Wie viel Zeit sollte ich in Anacapri einplanen?

Mindestens 2 Stunden für den Sessellift und das Mittagessen. Ein halber Tag (3–4 Stunden) ist besser und ermöglicht den Besuch der Villa San Michele, einen Bummel durch das Dorf und die Seilbahnfahrt ohne Hetze. Die meisten Tagestouristen verbringen den ganzen Vormittag in Capri-Stadt und lassen Anacapri nur 90 Minuten — das ist zu wenig.

Ist Anacapri günstiger als Capri-Stadt?

Ja. Die Restaurantpreise in Anacapri sind spürbar niedriger — ein Nudelgericht kostet 12–18 € gegenüber 18–28 € in Capri-Stadt oder an der Piazzetta. Souvenir- und Limoncello-Läden sind ebenfalls etwas weniger aggressiv bepreist. Das ist ein praktischer Grund, lieber in Anacapri zu Mittag zu essen als auf dem üblichen Touristenpfad.
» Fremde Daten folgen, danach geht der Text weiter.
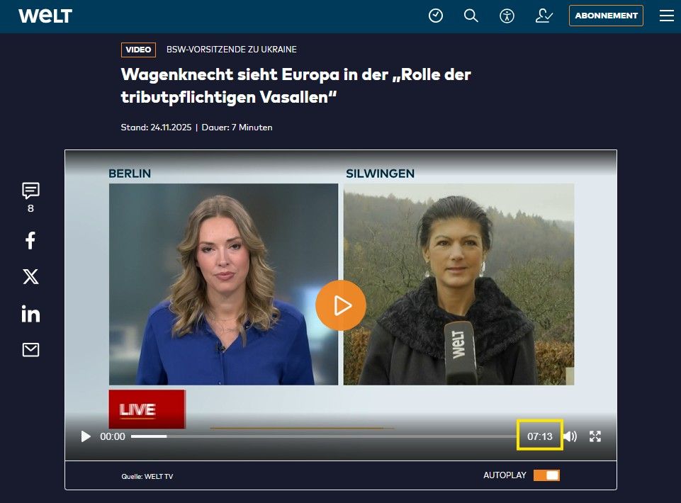 Der online geteilte Clip mit Wagenknecht ist jedoch lediglich ein Ausschnitt aus einem zuvor ausgestrahlten Live-Interview vom 24. November 2025. Das vollständige Interview ist unter anderem auf Youtube sowie auf der Website von Welt TV in voller Länge abrufbar (hier und hier archiviert). Es dauert insgesamt rund sieben Minuten. Nach jenem Satz, nach dem Wagenknecht laut den Online-Behauptungen „stummgeschaltet“ wurde, geht das Interview noch über fünf Minuten weiter.
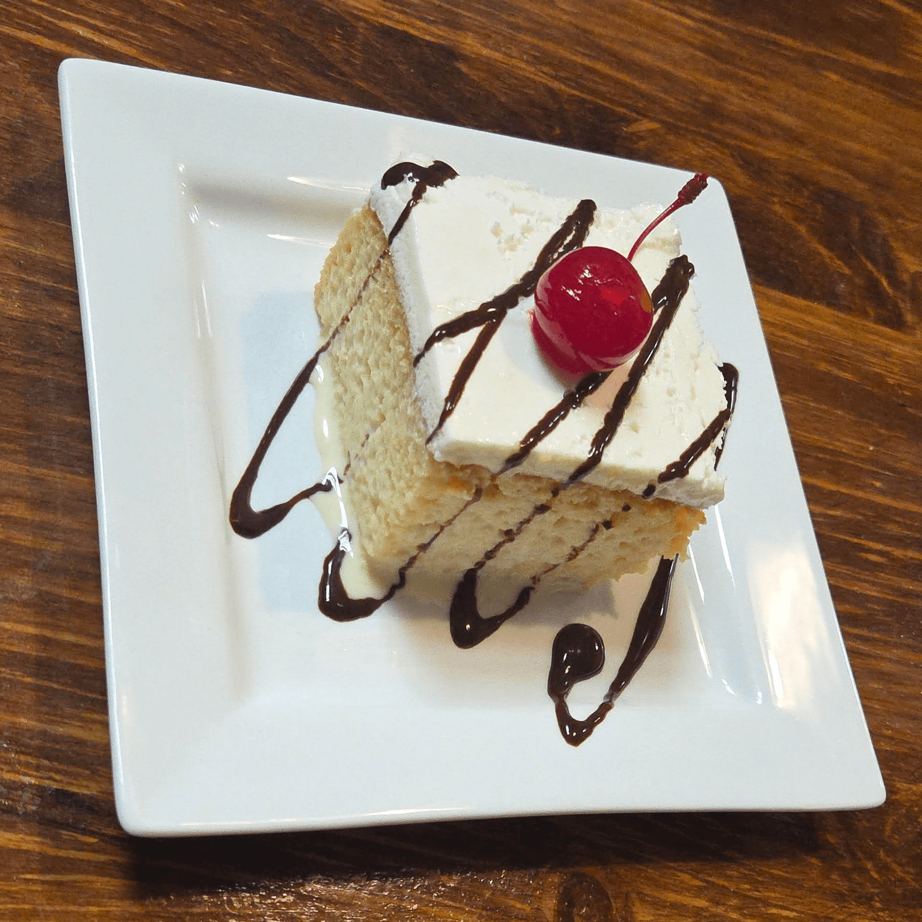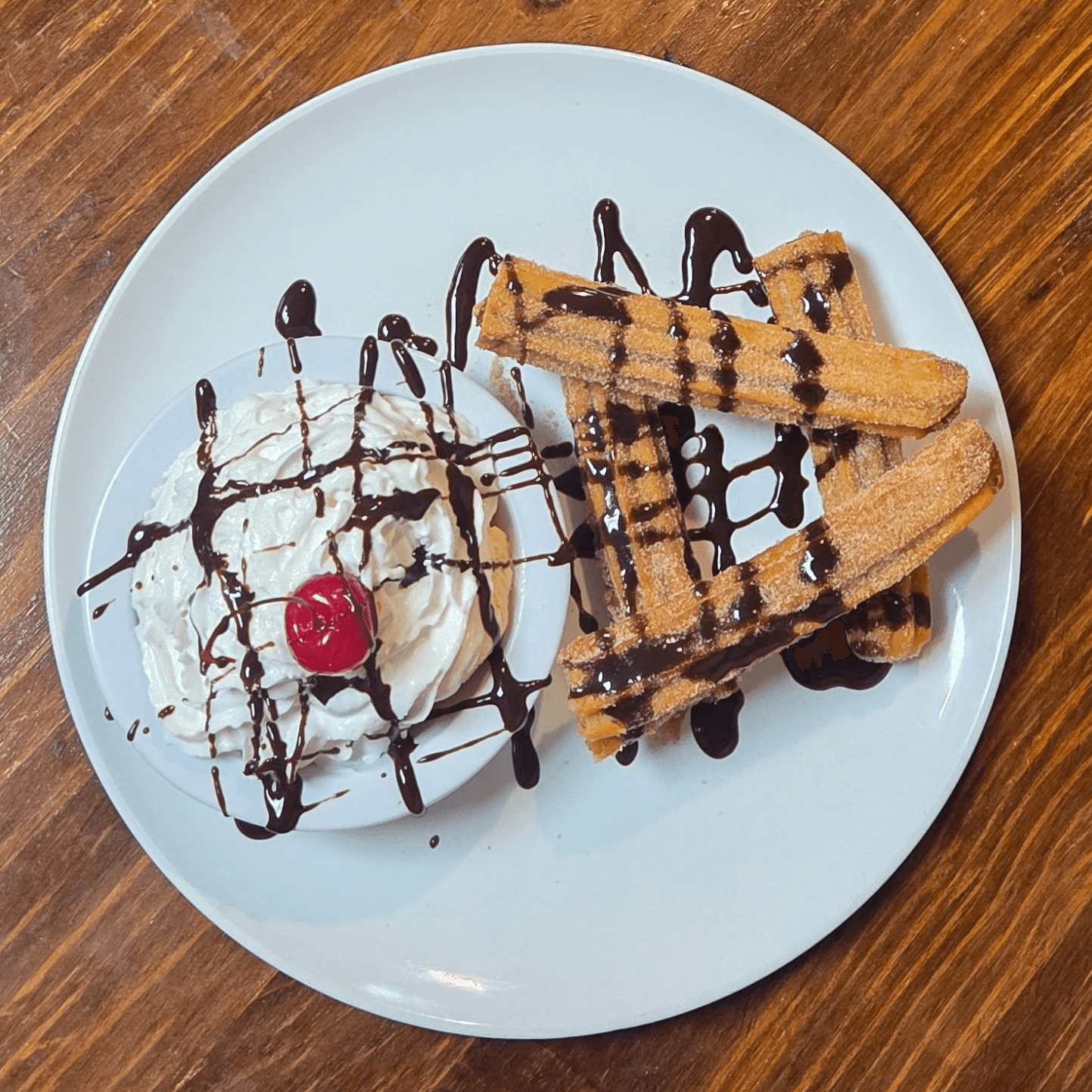 Flour tortilla filled with apple cinnamon and spikes, served with a scoop of vanilla ice cream, topped with strawberry sauce and whipped cream.

Wie ist die Aussicht vom Monte Solaro?

An einem klaren Tag sieht man den gesamten Golf von Neapel vom Vesuv im Norden bis zur Punta Campanella im Osten und die Amalfiküste im Südosten. Die Faraglioni-Felsen liegen direkt unter einem. Positano ist sichtbar, Procida und Ischia im Nordwesten. Dies ist der höchste Punkt Capris und wohl das schönste Panorama der gesamten Region zu diesem Preis.